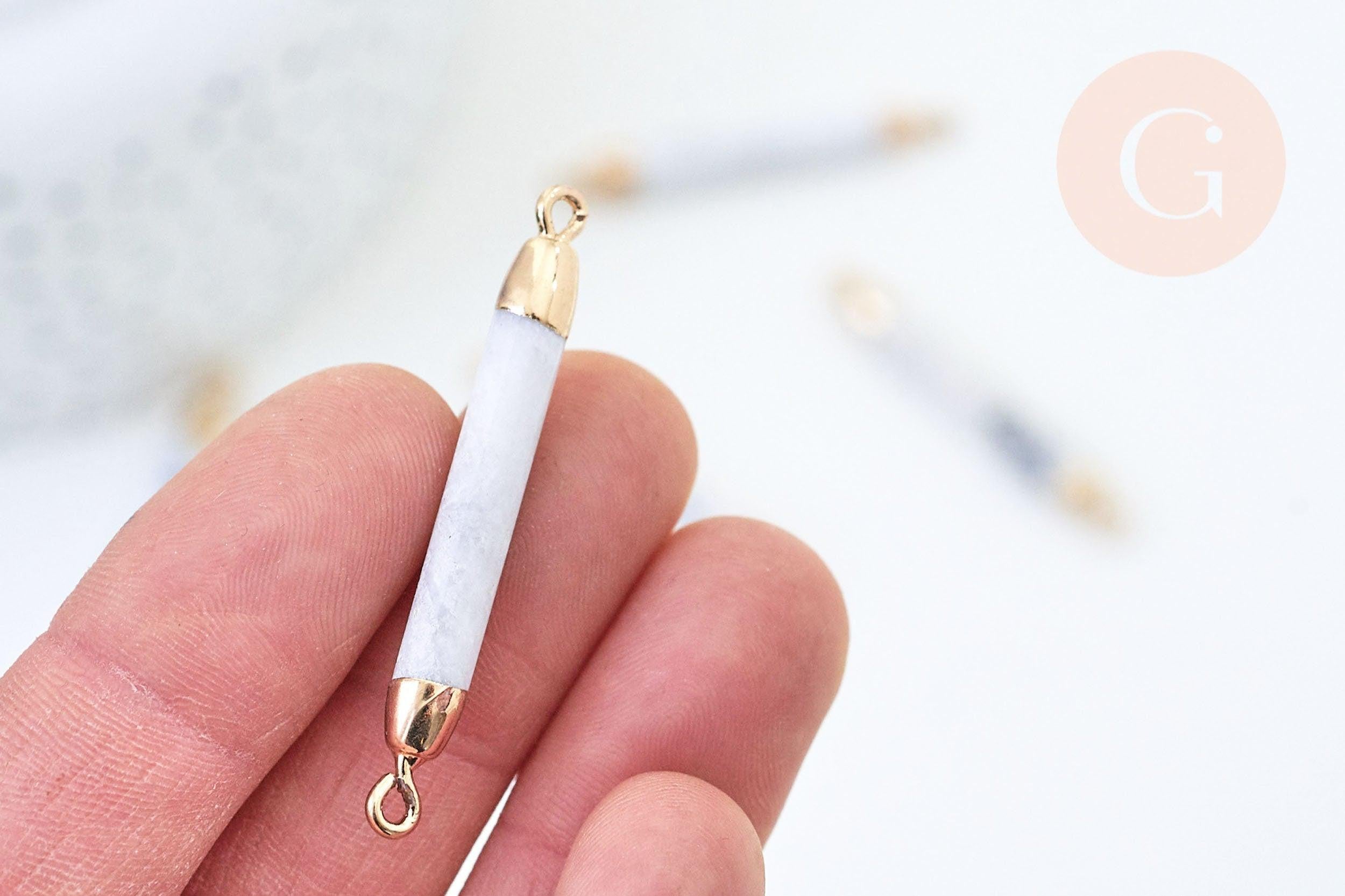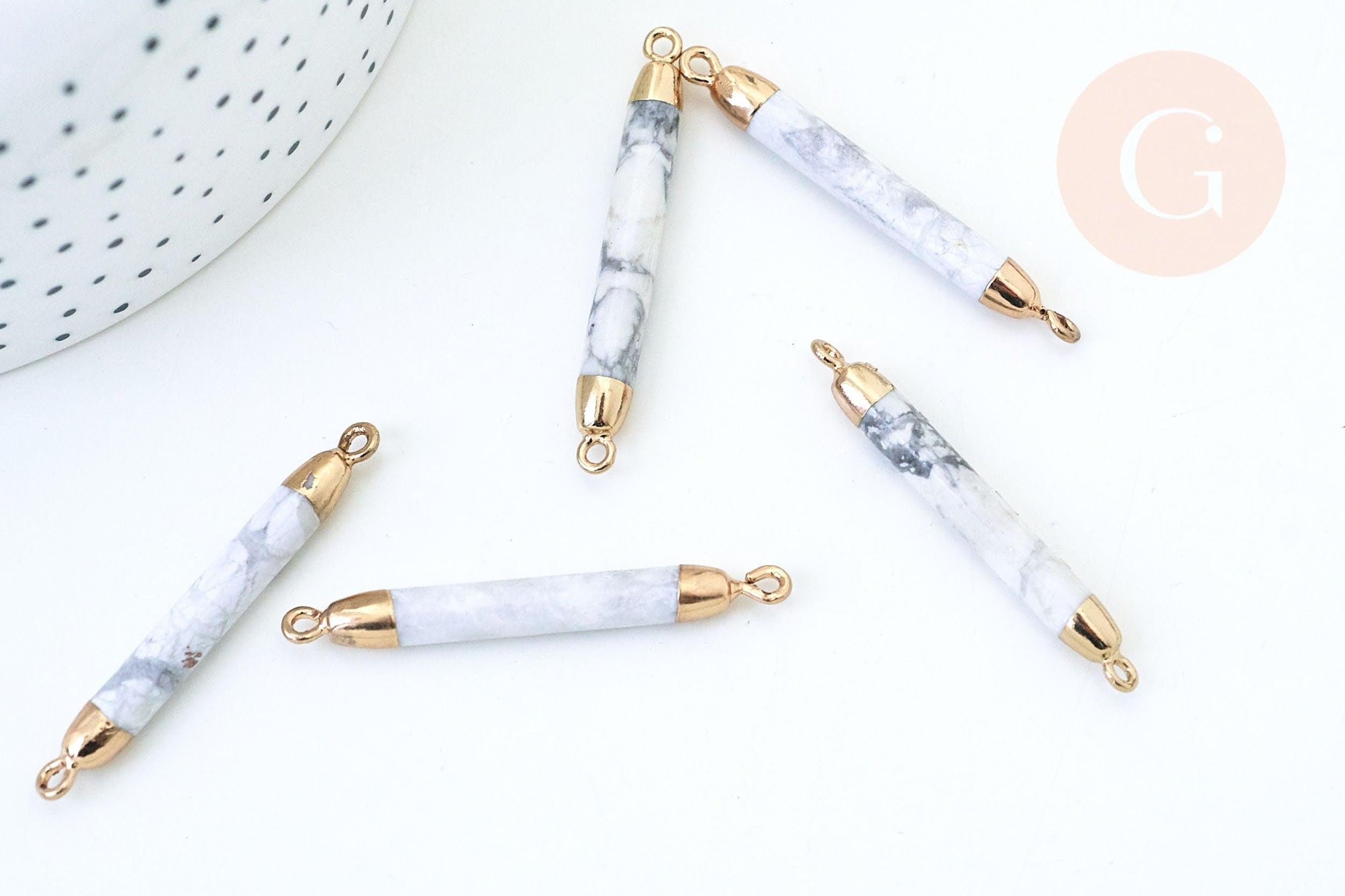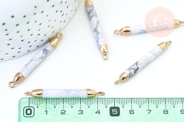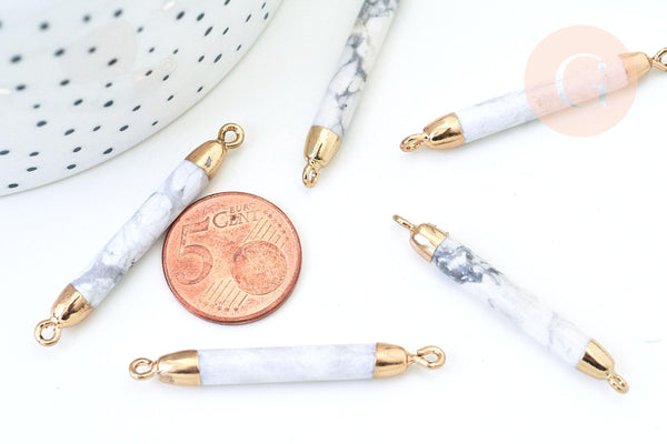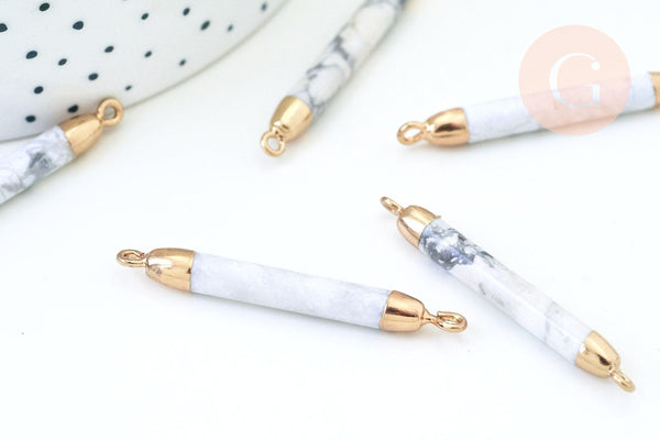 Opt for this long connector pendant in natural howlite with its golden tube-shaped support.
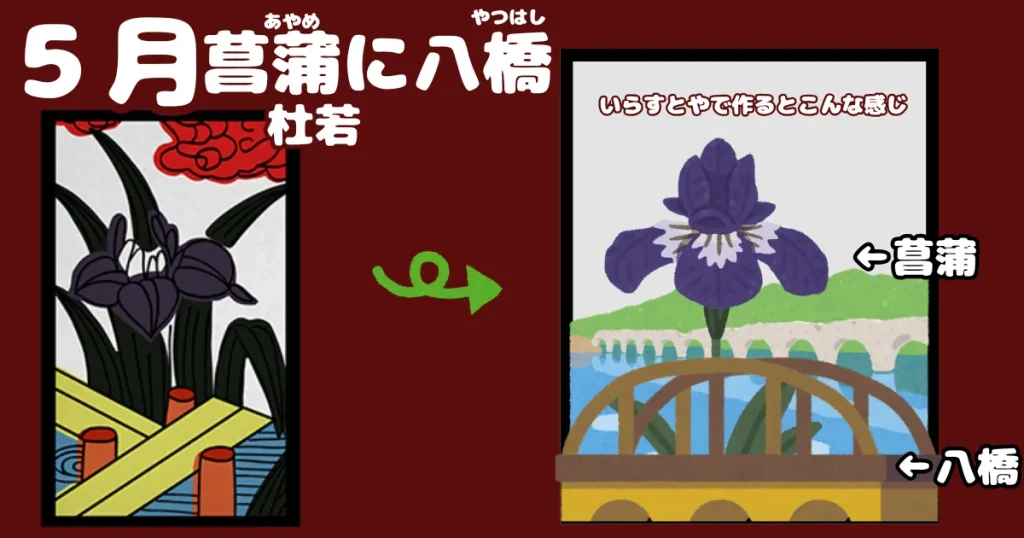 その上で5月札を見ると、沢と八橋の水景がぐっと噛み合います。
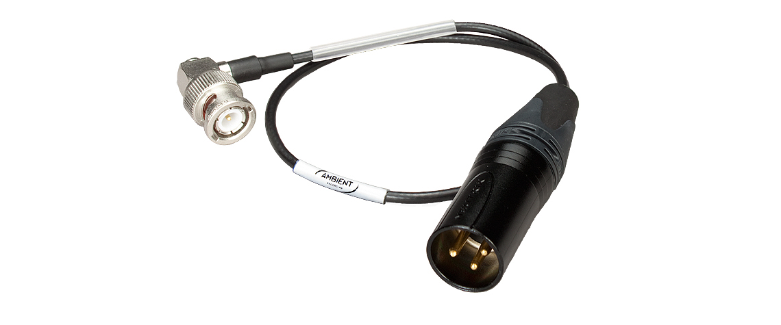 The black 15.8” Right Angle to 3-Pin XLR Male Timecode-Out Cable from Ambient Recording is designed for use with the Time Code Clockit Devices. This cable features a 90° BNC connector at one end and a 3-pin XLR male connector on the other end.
...
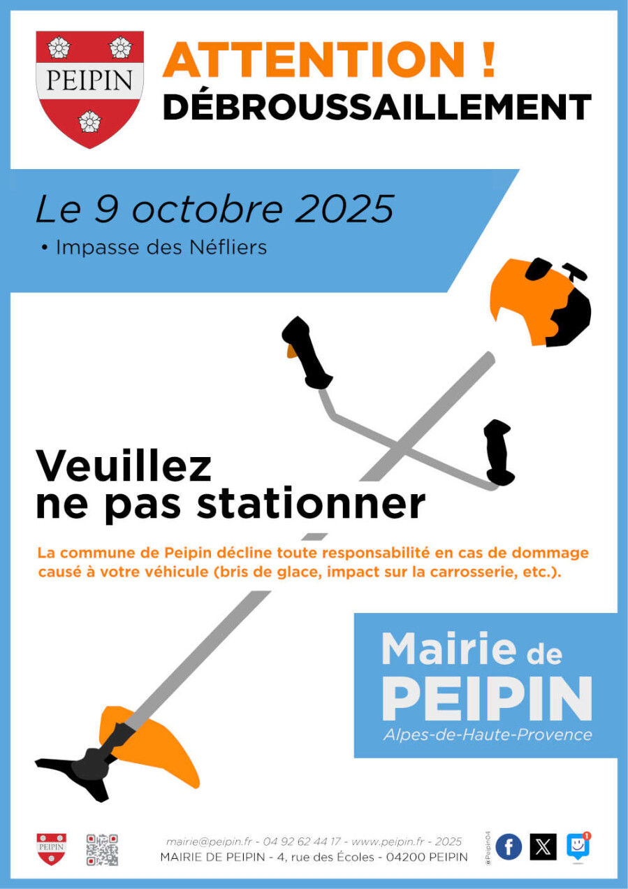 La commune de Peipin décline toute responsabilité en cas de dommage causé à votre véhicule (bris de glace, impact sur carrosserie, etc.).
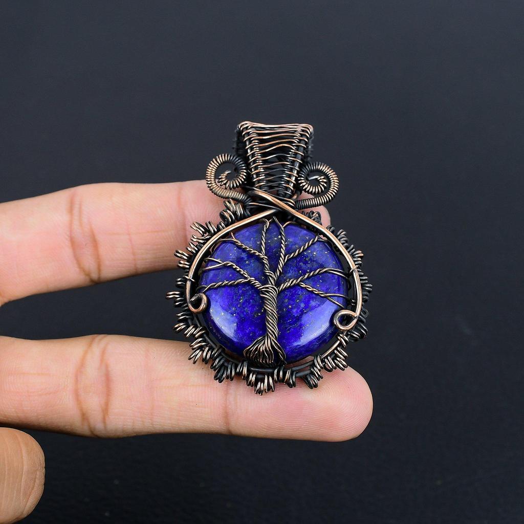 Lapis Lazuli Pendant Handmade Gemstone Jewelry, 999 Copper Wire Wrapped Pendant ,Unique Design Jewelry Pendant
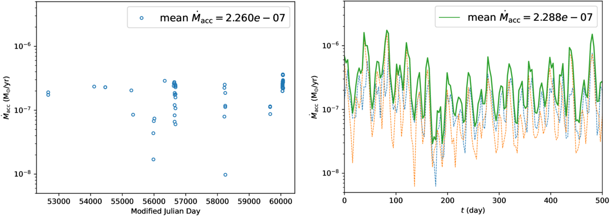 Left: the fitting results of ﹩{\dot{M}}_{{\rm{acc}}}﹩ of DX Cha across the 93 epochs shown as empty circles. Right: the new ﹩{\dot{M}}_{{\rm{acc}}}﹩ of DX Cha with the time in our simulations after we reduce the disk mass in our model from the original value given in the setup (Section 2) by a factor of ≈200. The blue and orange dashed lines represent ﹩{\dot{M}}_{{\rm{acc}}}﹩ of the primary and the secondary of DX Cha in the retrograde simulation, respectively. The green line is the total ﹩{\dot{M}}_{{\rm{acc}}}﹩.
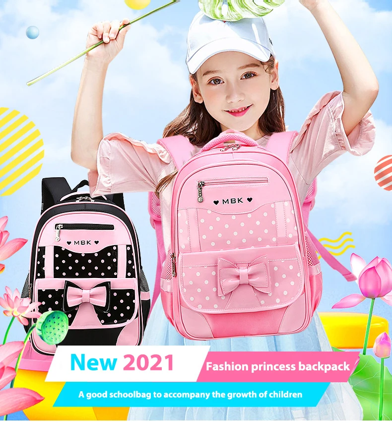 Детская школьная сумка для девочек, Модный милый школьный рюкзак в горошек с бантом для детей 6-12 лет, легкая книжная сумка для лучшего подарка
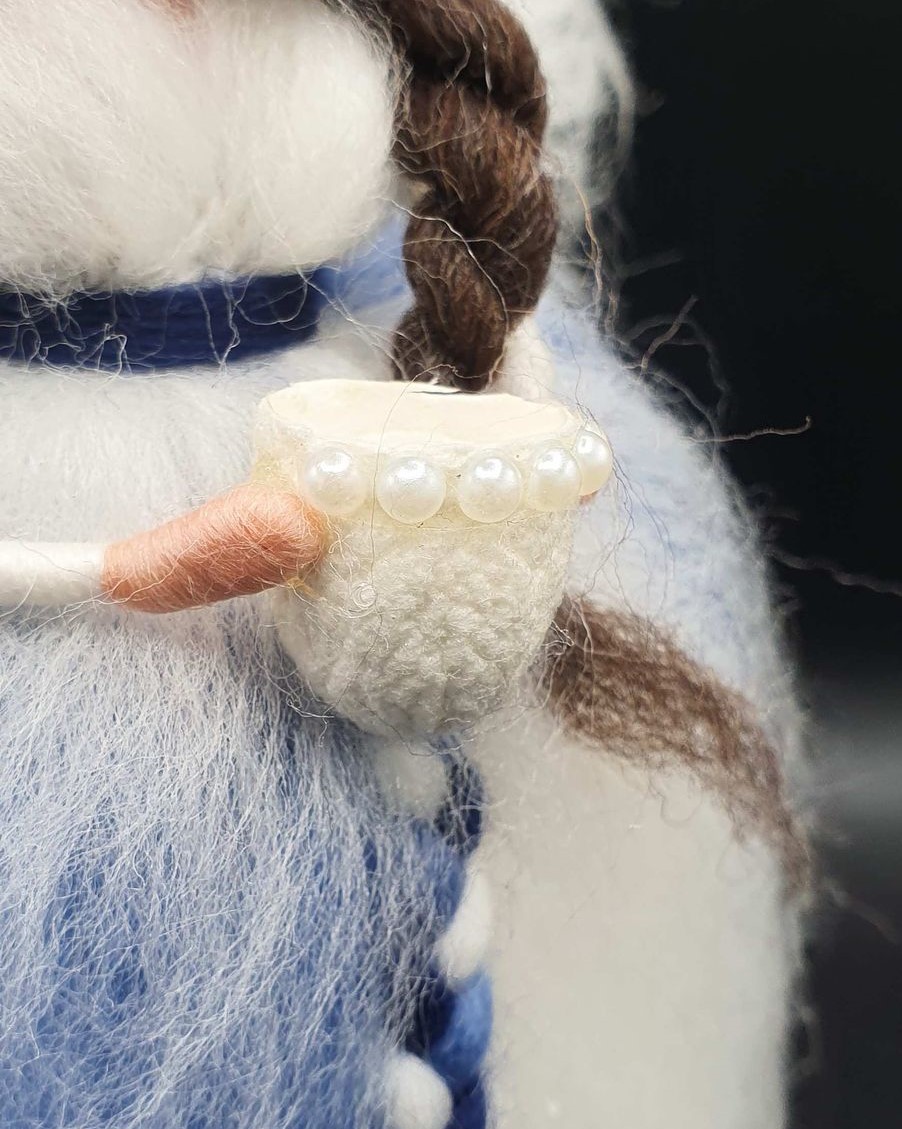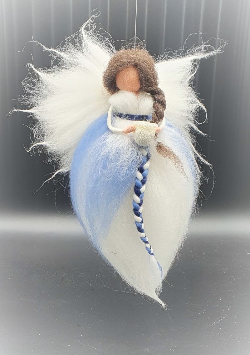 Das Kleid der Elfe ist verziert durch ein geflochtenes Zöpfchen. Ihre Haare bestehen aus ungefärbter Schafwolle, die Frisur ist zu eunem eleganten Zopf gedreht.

> _WHAT IS EXPECTED_
The answer is those lines of the material above that run from the one containing "Opt for this" up to and including the one containing "the other end.", restated exactly and without images.

> _EXERCISE OUTPUT_
 Opt for this long connector pendant in natural howlite with its golden tube-shaped support.
 その上で5月札を見ると、沢と八橋の水景がぐっと噛み合います。
 The black 15.8” Right Angle to 3-Pin XLR Male Timecode-Out Cable from Ambient Recording is designed for use with the Time Code Clockit Devices. This cable features a 90° BNC connector at one end and a 3-pin XLR male connector on the other end.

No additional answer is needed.